Joe Washington and I were lifting weights in his ghetto apartment. We were doormen at a strip club straddling Compton and Gardena in Los Angeles. Rio Gentleman’s Club. Joe was getting his buff on, while I was just trying to keep my blub off. He was an ex-Marine in his early 20’s, and a sharp dude. I was an ex-drunk in my early 40’s, and just coming to. Somehow we teamed up and watched each other’s back.
“We are surrounded by beautiful, naked women every night,” Joe said, “and we still dread going to work. Where do we go from here?”
“I don’t know, Joe,” I said, “but I think I’ve pretty much topped out, and frankly it’s not that great up here.” I dropped my cigarette into what was left of my protein shake and picked up a dumb-bell.
Working at a strip club was fun, for the first few hours. If you’re normal, you notice the girls. Then you notice all the bullshit that comes with the girls. Then you try not to notice the girls anymore.
The club was sketchy. Being in the ‘hood, and right next to the 110 FWY, made it a prime target for armed robbery. Since I handled the money, the owners let me carry a gun. That didn’t guarantee it would be much help without pals, ones who wouldn’t wilt when the lead started flying. I could trust Joe, Mike the Merc, and a skinny guy named Javier. Javier had to dodge bullets everyday on his way to Cesar Chavez Elementary when he was growing up. Any blast-a-thon would be like waiting for the school bus for him. I wasn’t sure about Samoan Jeff, but I definitely didn’t trust Man Make-Up Daryl.

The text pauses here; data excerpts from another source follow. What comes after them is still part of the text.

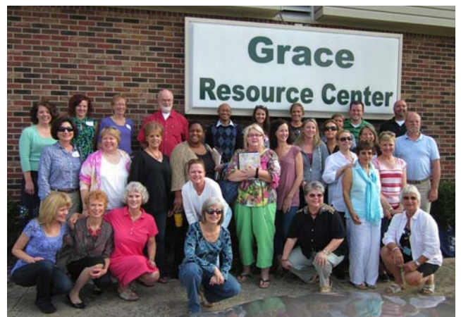
High Point NC team and trainees August 2010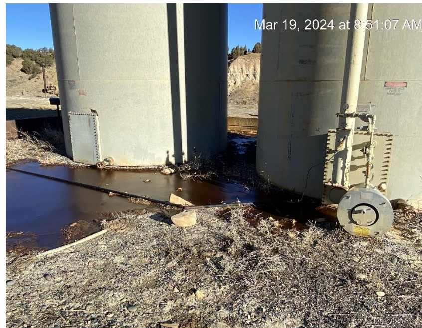
Oily waste and stained soil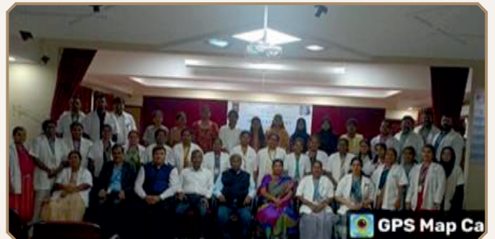
ORIENTATION DAY PROGRAM FOR M. PHARM & PHARM. D (PB) ON 19th OCTOBER 2024.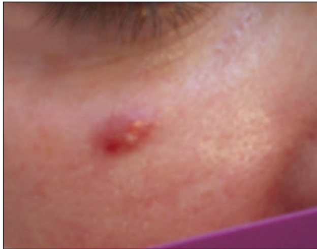
Fig. 1 A facial sinus associated with a severe periapical abscess on the upper canine.

specialist or general medical practitioner. Not all patients with cardiac lesions require antibiotic prophylaxis, and such regimes are not generally supported by the literature. 2 However, if it is agreed that the patient is at risk, they would normally be prescribed the appropriate prophylactic antibiotic regime, and should be advised to report even a minor febrile illness which occurs up to 2 months following root canal treatment. Prior to endodontic surgery, it is useful to prescribe aqueous chlorhexidine (2%) mouthwash.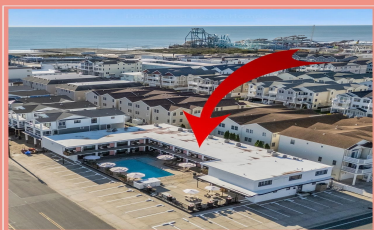
2101 Surf Avenue North Wildwood, NJ Beach Block 1 Bedroom Condominiums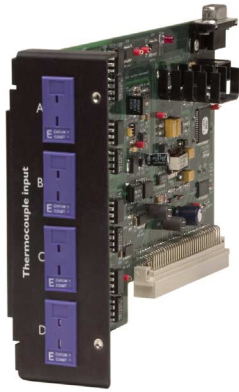
PTC330 Thermocouple card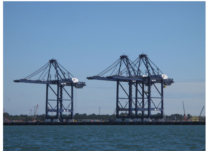
Wind system on crane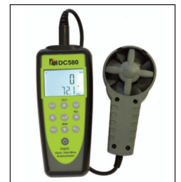
DC580 with vane probe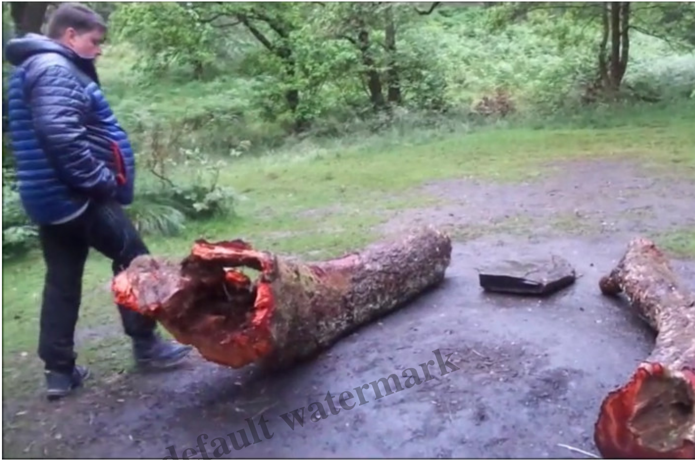
New logs cut from tree behind?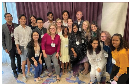
LEAP 2020-2022 cohort at their final meeting.

The Continuing Professional Development (CPD) subcommittee has renewed its commitment ( rheum.ca/education/aims-goals-and-mission-statement-of-the-cra-cpd-subcommittee/ ) to being a Royal College-Accredited CPD Provider ( www.royalcollege.ca/rcsite/cpd/royal-college-accredited-cpd-providers-e ) with the growth of training material for reviewers within the team and active accreditation of internal and external rheumatology activities, providing reassurance for members regarding the quality of continuing professional development materials. The subcommittee has also taken strides to ensure members are educated about the opportunities within the Royal College Maintenance of Certification Program ( www.royalcollege.ca/rcsite/cpd/maintenance-of-certification-program-e ). Over the last decade, there has been ongoing support for the Practice Reflection Award, just one of the projects aiming to help CRA members obtain valuable Section 3 credits.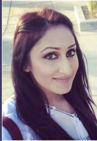
Nazia Hasan Bell Policy Center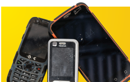
MOBILE PHONES & ACCESSORIES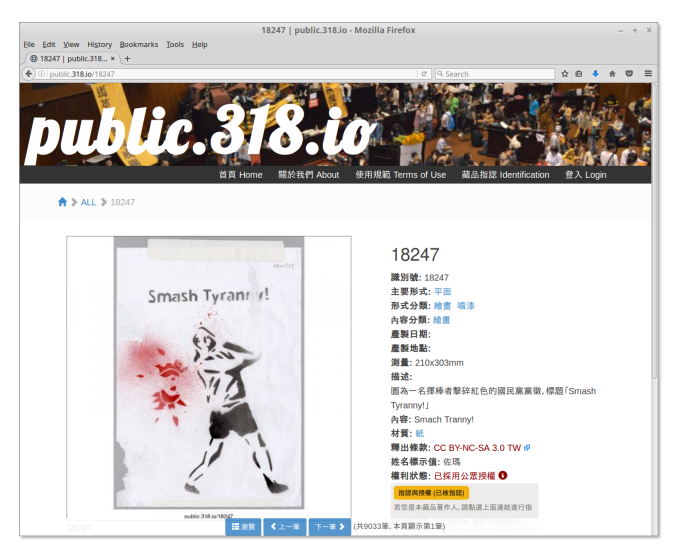
Figure 6. An identified artifact [18247].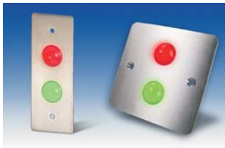
Door Status Indicator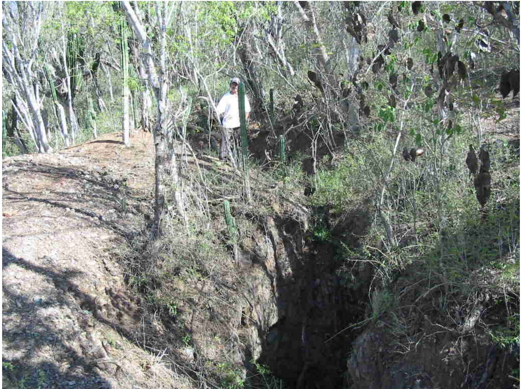
Pits over the Gris vein. Vein sample assayed 46 g/t Ag, and 4.49% Cu over 1.5m.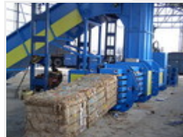
Factory Refurbished ATS 75.75 60Ton Autobaler

Refurbished ATS 110.75 Automatic Channel Baler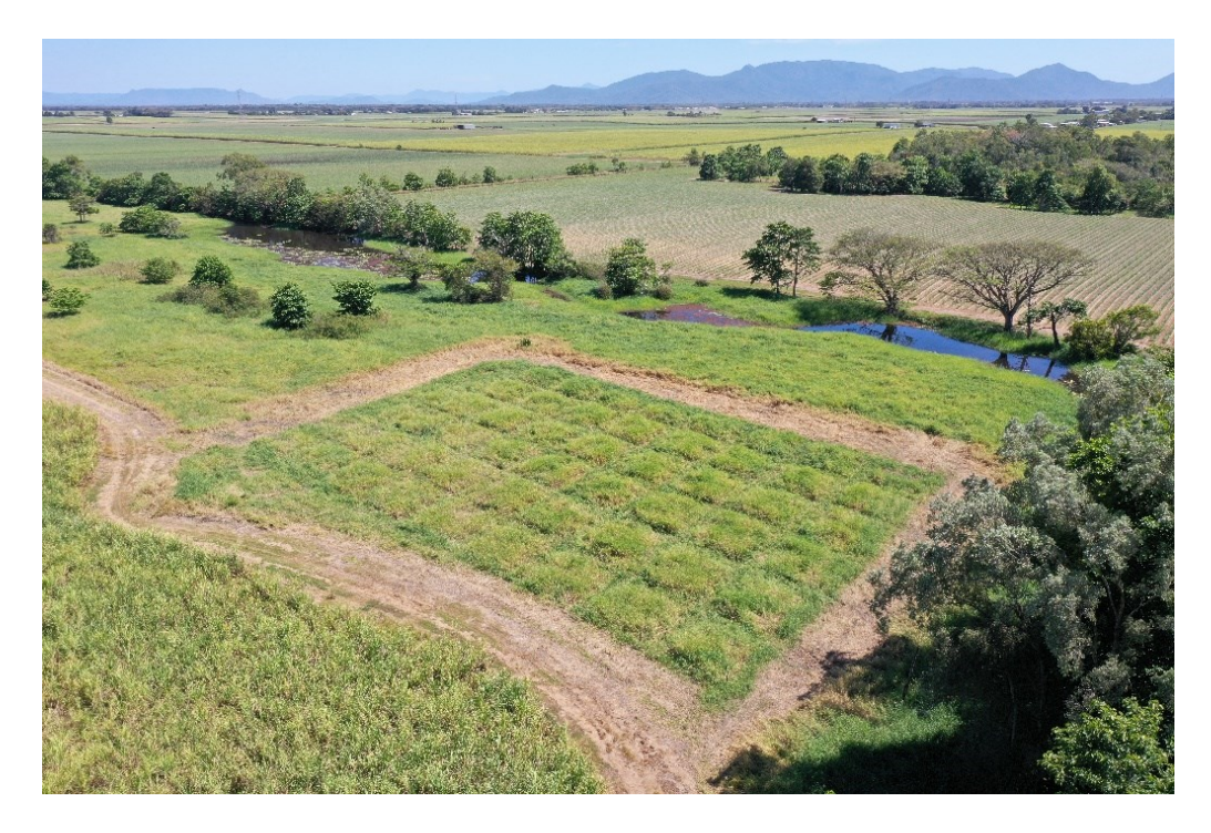
Figure 10 Aleman grass trials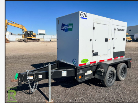
2019 DOOSAN 70KW TOWABLE GENERATOR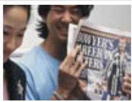
Language Schools & Centers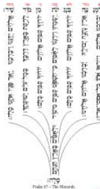
Psalm 67 - The Menorah

Sponsored by: Artists in Christian Testimony

Although I appreciated Daryl’s ability to ‘roid rage at will, he wore pancake, for fuck’s sake. He chemically sculpted his body with Deca-durabolin, Winstrol, and Test-250. His face was fake-tanned and fabulously framed by a tinted coif. He took it up a notch with mascara, eyeliner, and foundation. The result was strange. He looked like he was about to appear in a play, or an open casket. “You put make-up on like a mortician,” I once told him, behind his back. I was always nervous that someday he would save my life, and I’d have to explain how I owed it all to a preening narcissist. In the meantime, I wouldn’t give him any reason to hesitate.
I had quit drinking by the time I started working at strip clubs in L.A., but I started again before I quit them. No alcohol was served at the all-nude joints, but drama was served up in heaping helpings. Whenever horny, lonely, desperate and frustrated men congregate to win the affection of drug-addled, wounded, bitchy, and manipulative women, the fun never stops. It wasn’t always the girls I had to protect. The guys were in just as much danger of being ripped-off or beaten up as the women. A nasty, ugly vibe pulsates underneath all that gyrating g-string and strobe. Bad Feng Shui, for sure.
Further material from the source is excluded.